3.6. SynNet Analysis
SynNet showed that the top high-scoring molecules are completely chemically synthesizable. The component parts having simplistic structures and less than ten monomers suggested the polyesters are accessible and not complex to generate. SynNet does not consider the commercial solvents and materials required to produce the polymers, only the basic components themselves. Thus, there may be additional materials and costs necessary to generate these new materials.
4. Conclusions
This study proposes a novel machine learning-based virtual screening method for biodegradable polyesters. To achieve this screening, a tree-based model captures the biodegradability property and scores a set of AI-generated molecules. The final molecules achieve the desired properties of biodegradability and synthesizability. Additionally, the method is reliable and representative, an improvement from the state of the art.
Molecular structure, bonding, and interactions with water were evaluated for their effect on biodegradability to aid in interpretability for the final molecules. The presence of aromatic rings was fairly neutral, suggesting that these rings in trace quantities may assist with final polymer properties. Presence of ester linkages positively correlates with biodegradability. Finally, hydrophobicity mildly increased biodegradability as shown by the partition coefficient.
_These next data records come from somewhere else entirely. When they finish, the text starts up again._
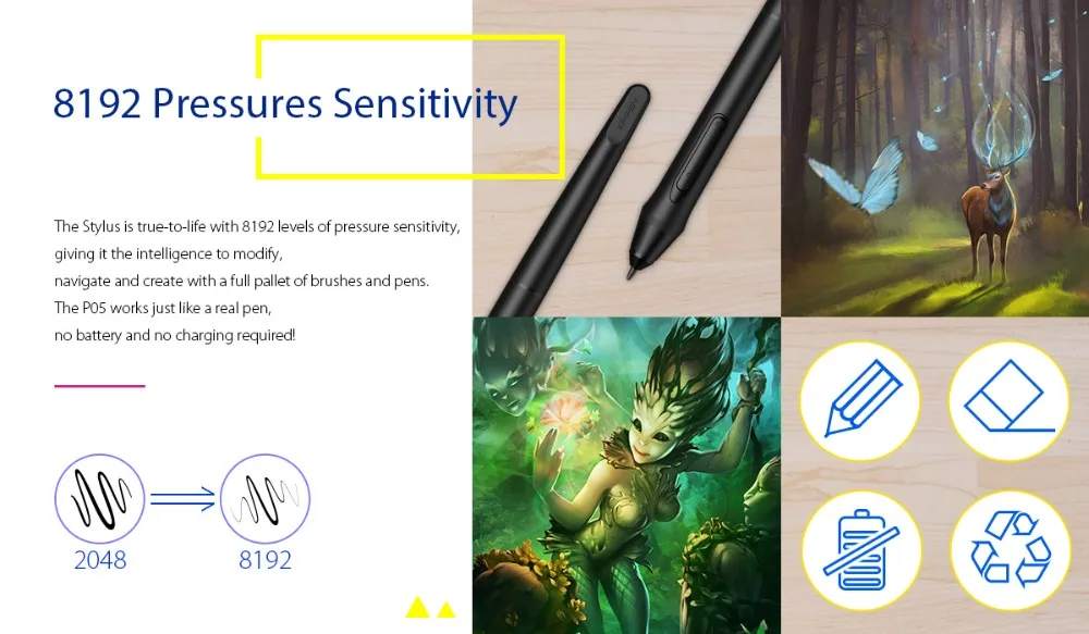 4. The latest Passive Pen design! Our P05 stylus technology provides 8192 levels of instant pen pressure sensitivity―Providing you with groundbreaking control and fluidity to expand your creative output. No charging required!
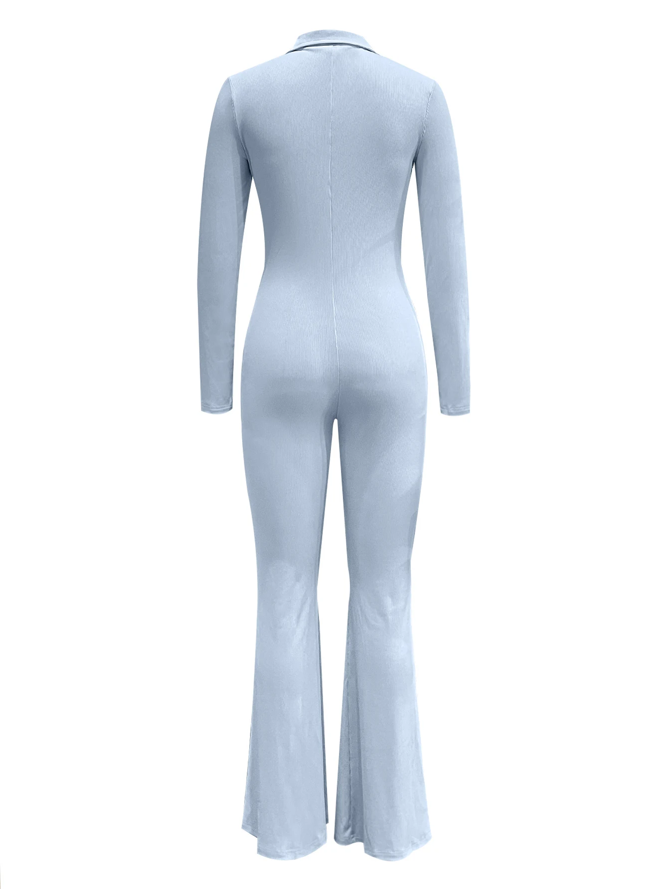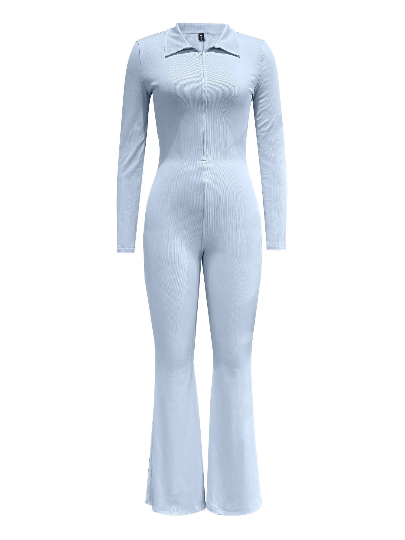 Elegant V-Neck Long Sleeve Skinny Flared Jumpsuit Zipper Design Women's Autumn Sporty Chic Ankle-Length Polyester Jumper
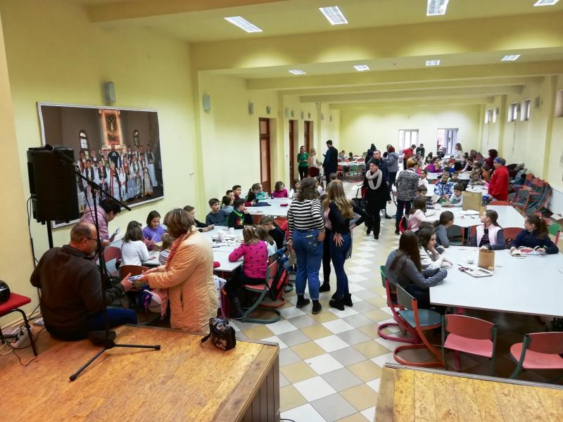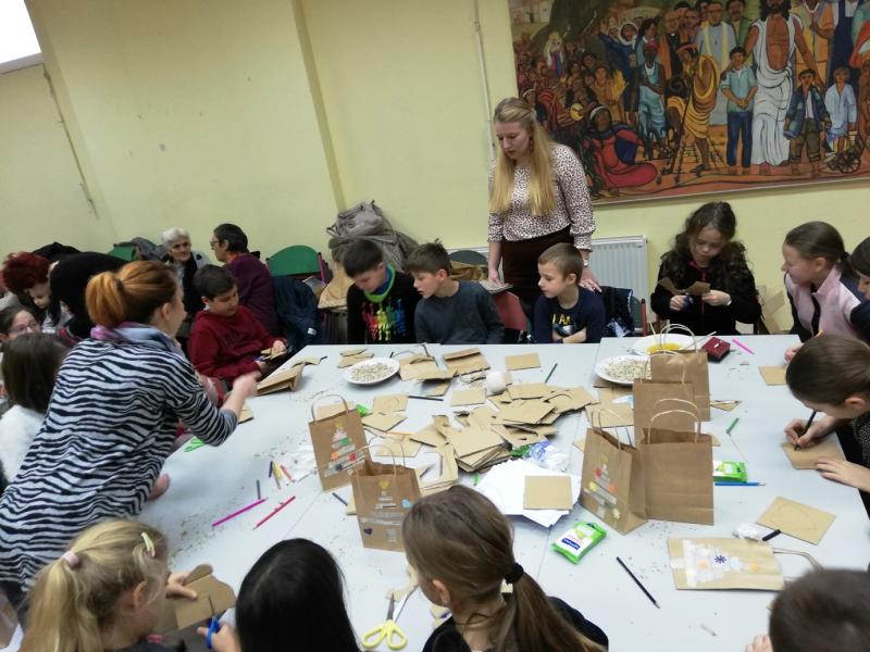 Négyfaluban már néhány éve szokássá vált, hogy a történelmi egyházak helyi magyar képviselői Karácsony előtt kézműves-foglalkozásra hívják a településen tanuló magyar kisiskolásokat. A városban működő két iskolából az előkészítősöktől a negyedikesekig érkeztek a Csángó Házba a fiatalok – mintegy 140-150 gyermek – a pedagógusaikkal.
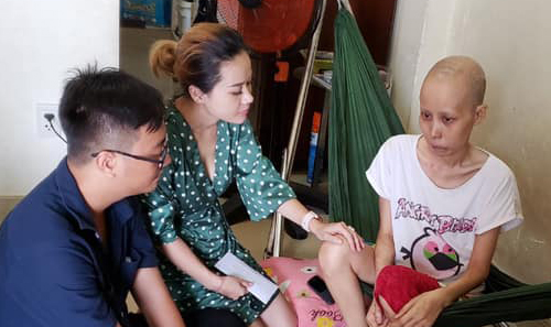 | Con gái Lê Bình (giữa) làm từ thiện theo di nguyện của cha. |
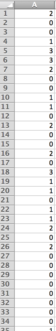 In Excel, let’s simulate 5000 families. The figure below shows a snapshot of the families simulated.
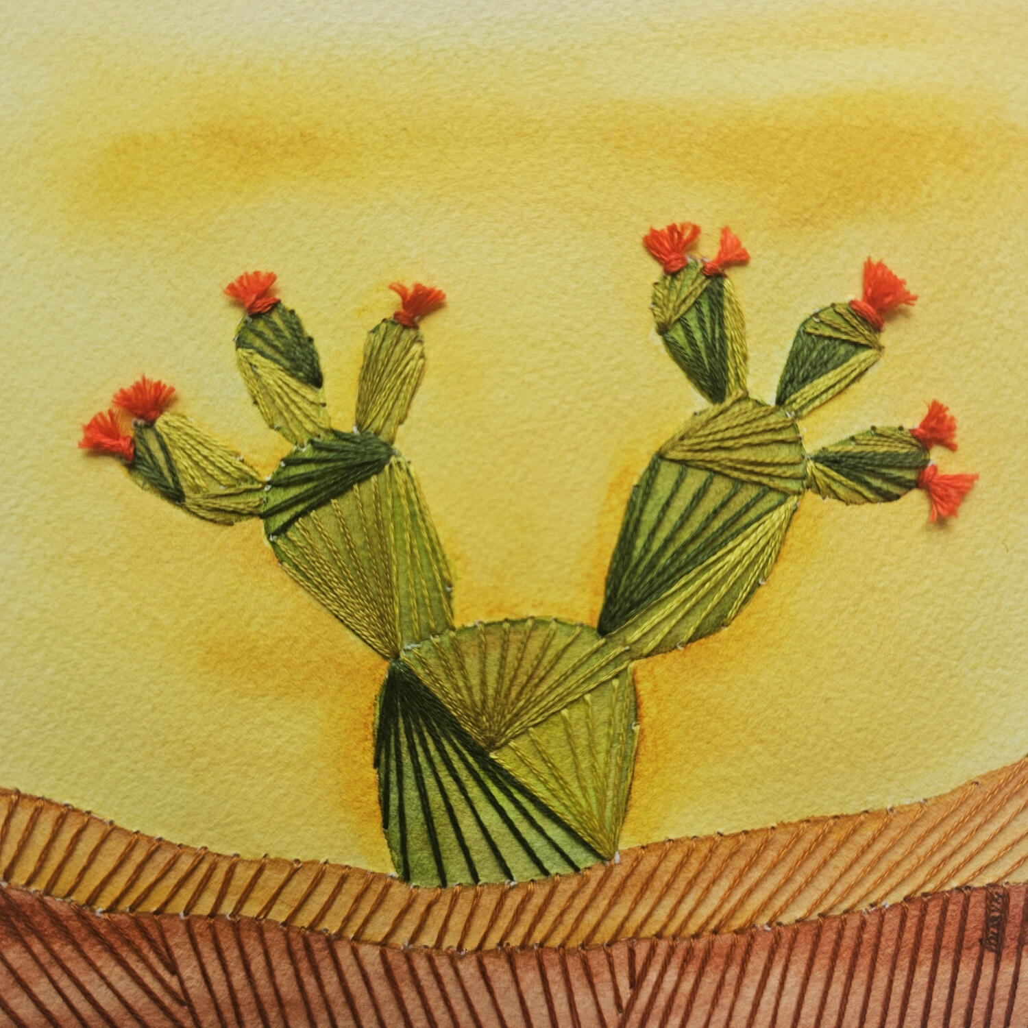 The artist used embroidery and watercolor media on cotton paper to create this subject matter, small size painting.
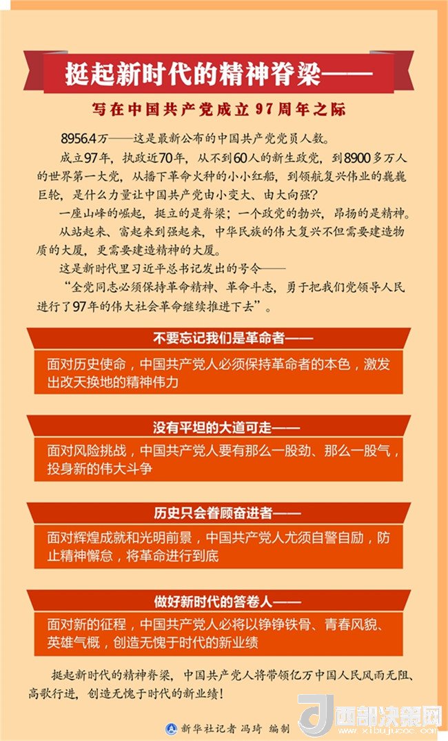 挺起新時(shí)代的精神脊梁,中國共產(chǎn)黨人將帶領(lǐng)億萬中國人民風(fēng)雨無阻、高歌行進(jìn),創(chuàng)造無愧于時(shí)代的新業(yè)績!(記者:趙承、詹勇、張曉松、謝良、周文林、陳煒偉、朱基釵、吳晶、姜瀟、王卓倫、榮啟涵)
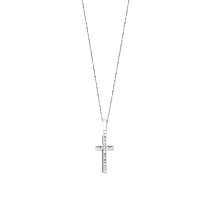Embrace symbolic elegance with this TI SENTO silver Cross Pendant 6857ZI. Crafted from 925 sterling silver and handset with brilliant-cut cubic zirconia, the refined cross design radiates clarity and purpose. A smooth bail and delicate anchor chain balance its geometric presence with timeless subtlety. Worn alone or layered, it offers a meaningful accent to any look. Nickel-free and hypoallergenic, it’s designed for enduring comfort and sentiment. The pendant comes with a dainty silver chain necklace.
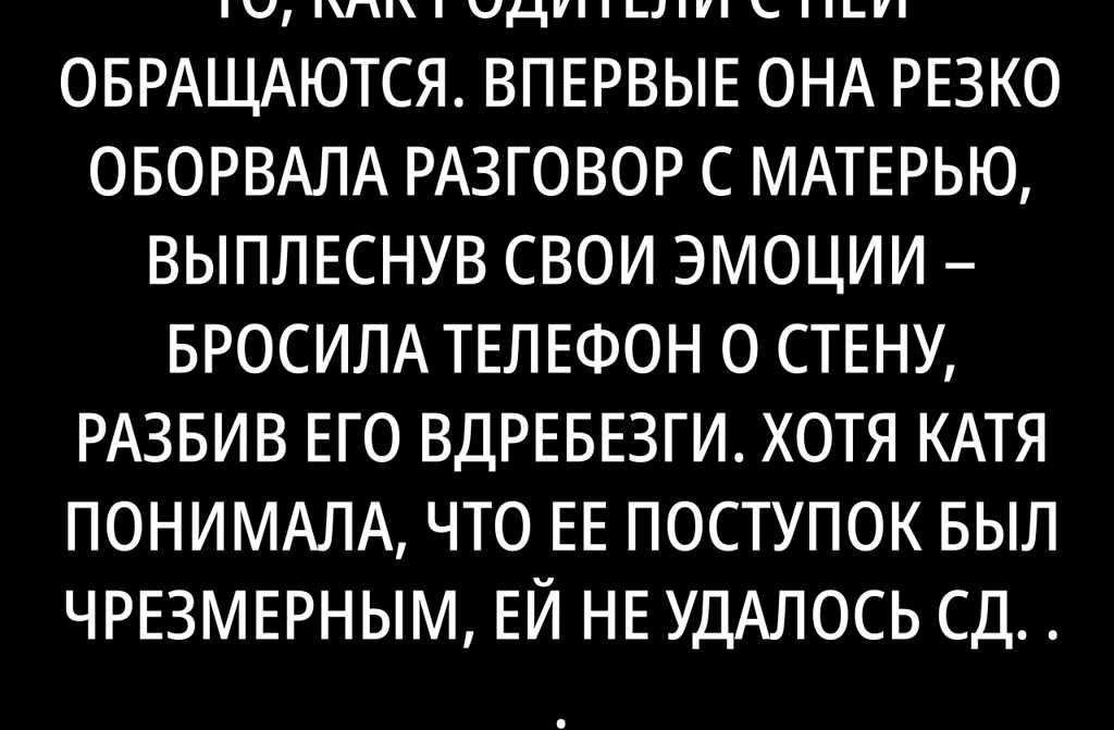 Катя больше не могла терпеть то, как родители с ней обращаются. Впервые она резко оборвала разговор с матерью, выплеснув свои эмоции бросила телефон о стену, разбив его вдребезги. Хотя Катя понимала, что ее поступок был чрезмерным, ей не удалось сдержать бурю чувств: злоба, обида и отчаянное бессилие смешались внутри нее. Слёзы хлынули из глаз, и она ощутила всю тяжесть происходящего.
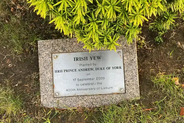 A plaque marking a tree planted by Prince Andrew, Duke of York, in Lisburn to mark the city's 400th anniversary in 2009 has been removed. The council took it down before Christmas as part of a site tidy-up. Officials confirmed no plans exist to replace it.
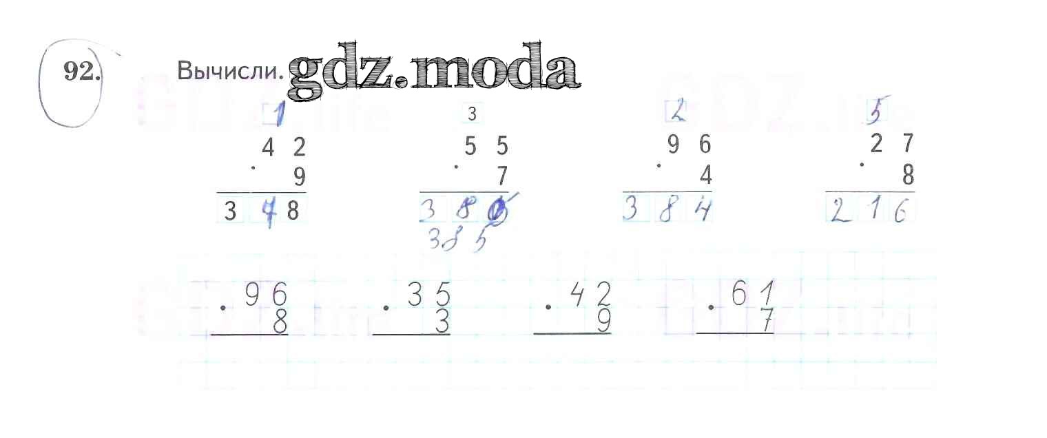 ОТВЕТ на задание № 92 Рабочая тетрадь по Математике 3 класс Рудницкая Начальная школа XXI века
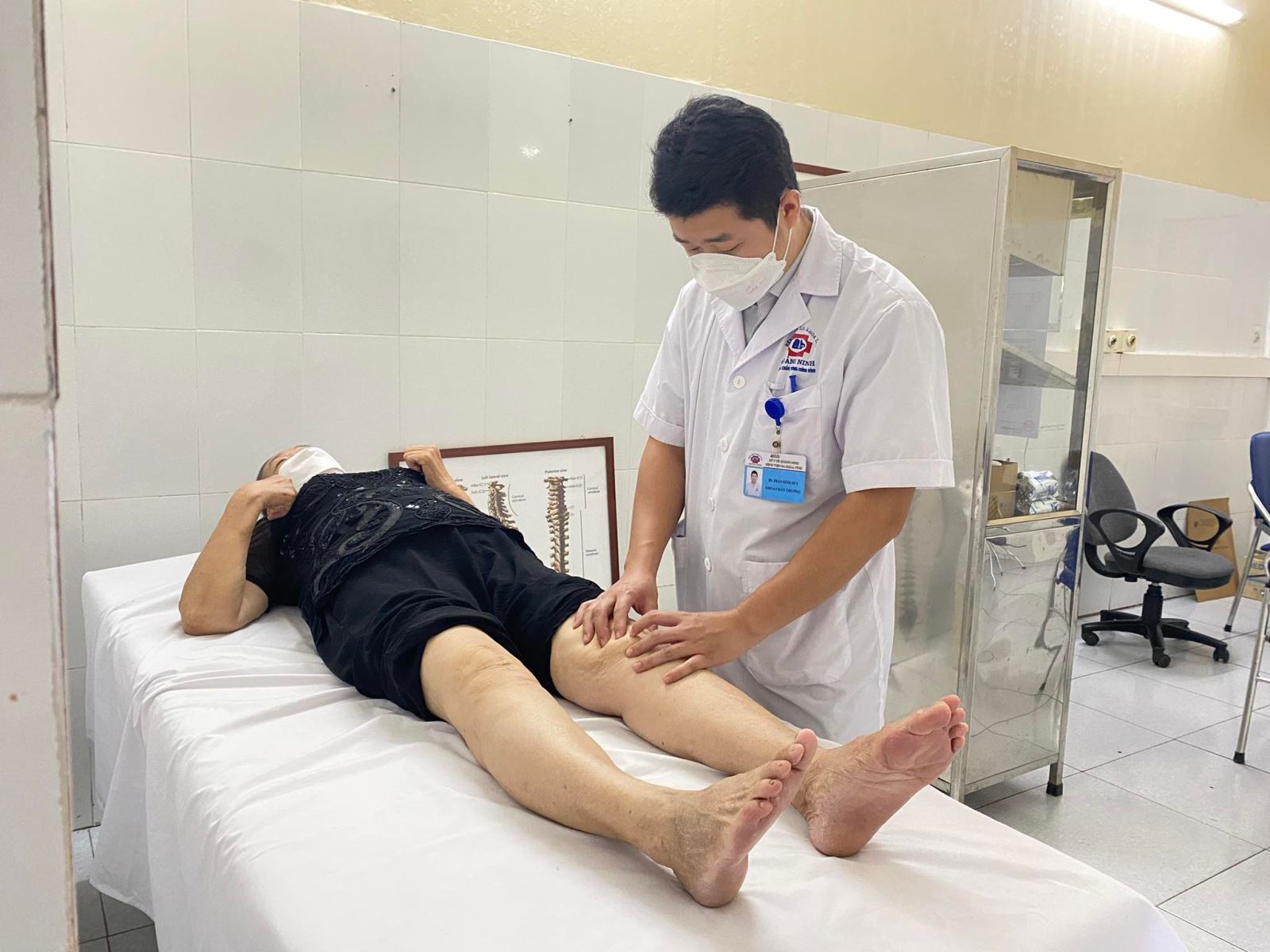 Bác sĩ kiểm tra lại khớp gối nhân tạo cho bệnh nhân sau 3 năm phẫu thuật.

Further analysis can include building prediction models that capture other properties which contribute to sustainability, such as solubility, and using them in conjunction with the biodegradability model. Additionally, the structures designed should undergo in silico simulations under various environmental conditions as well as in vitro testing. In the virtual screening space, generative models can be leveraged to produce novel compounds with desired properties, rather than filtering a set of general structures, posing several unique applications in the sustainability field.